What it does

Entropy-encodes a byte stream using GPU-accelerated rANS (range Asymmetric Numeral Systems) coding via the vendored dietGPU kernel library. Forward pass produces a self-describing ANS bitstream (ANSCoalescedHeader + rANS data); inverse pass reconstructs the original bytes exactly.
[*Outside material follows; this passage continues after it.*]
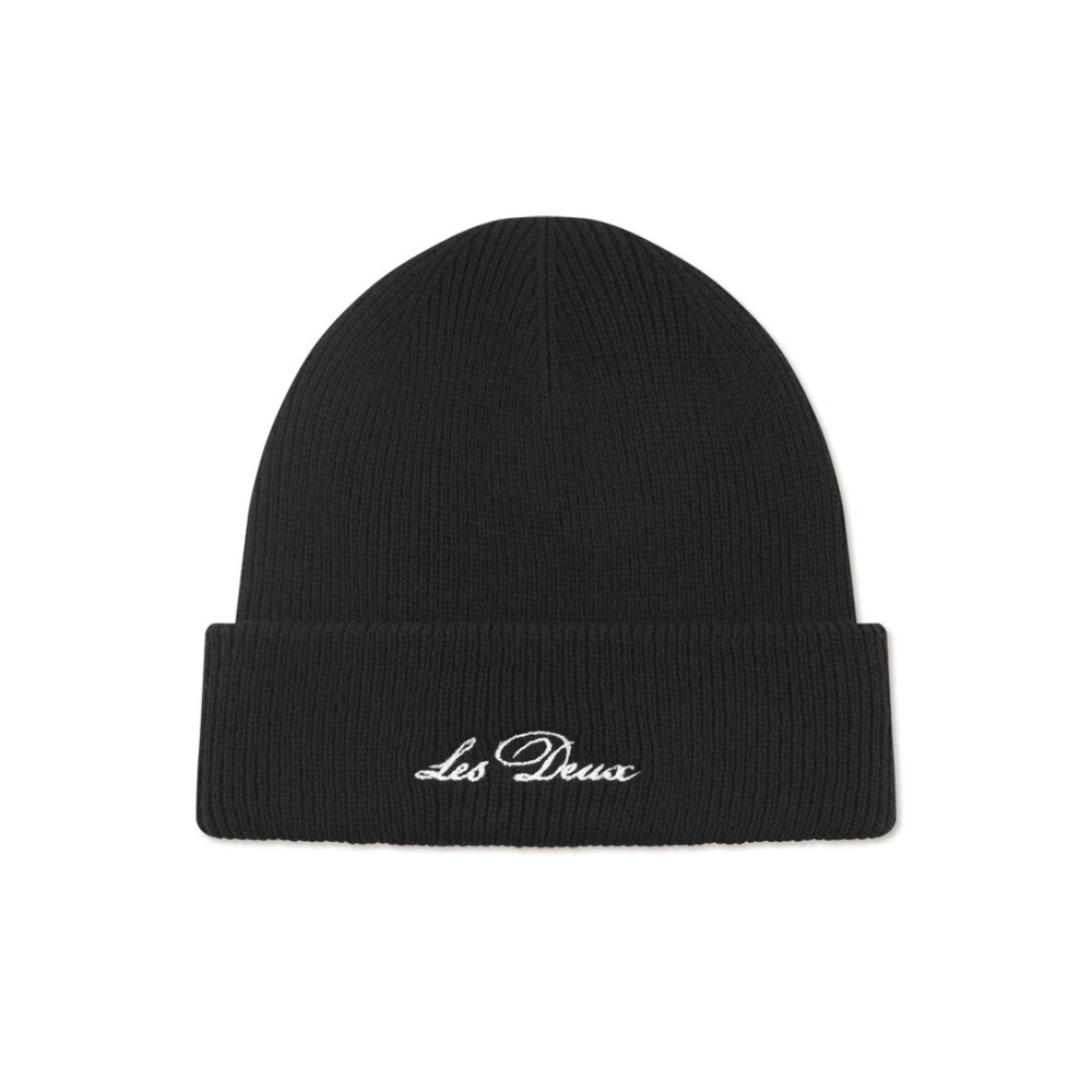 Svört húfa frá Les Deux með uppábroti og útsaumuðu logo að framan.

Forward: uint8_t[] → ANS bitstream (ANSCoalescedHeader + rANS data)
Inverse: ANS bitstream → uint8_t[] Exact reconstruction

The stage is byte-transparent: its input and output DataType is UNKNOWN, so the pipeline does not enforce type compatibility at the connection point. This allows ANSStage to accept any upstream output as raw bytes — most commonly the uint16_t quantization codes produced by LorenzoQuantStage or QuantizerStage.

Stage settings

Setting	Type	Default	Purpose
`setProbBits(n)`	`uint8_t`	`10`	ANS probability resolution (table size = 2^n)

prob_bits limitation

Only prob_bits=10 is supported in this build. The dietGPU rANS kernels are compiled as explicit template instantiations for kANSDefaultProbBits=10 in modules/coders/ans/dietgpu/GpuANS.cu. Calling setProbBits(n) with n != 10 and then calling execute() throws std::runtime_error. The setter is reserved for a future build that adds instantiations for prob_bits 9 and 11.

Typical pipeline

Standalone (byte array input)

Pipeline p(in_bytes, MemoryStrategy::PREALLOCATE);
auto* ans = p.addStage<ANSStage>();
p.finalize();
 
p.compress(d_in, in_bytes, stream);

cuSZ-style Lorenzo + ANS

Pipeline p(in_bytes, MemoryStrategy::PREALLOCATE);
 
auto* lrz = p.addStage<LorenzoQuantStage<float, uint16_t>>();
lrz->setErrorBound(1e-3f);
lrz->setQuantRadius(512);
lrz->setZigzagCodes(true);   // maps codes to [0, 1024] — compact symbol range
 
auto* ans = p.addStage<ANSStage>();
p.connect(ans, lrz, "codes");  // must connect to "codes" port, not "output"
p.finalize();

Why zigzag_codes=true: Raw signed-delta codes from LorenzoQuantStage span a sparse subset of the full uint16 range. Zigzag remaps them to a compact [0, 2*radius-2] range, concentrating the probability mass and improving rANS compression ratio. Without zigzag, most of the 256-bucket histogram will be near zero, wasting table entries.

TOML configuration

[[stage]]
name      = "ans"
type      = "ANS"
prob_bits = 10        # optional; only 10 is currently supported
inputs    = [{from = "lrz", port = "codes"}]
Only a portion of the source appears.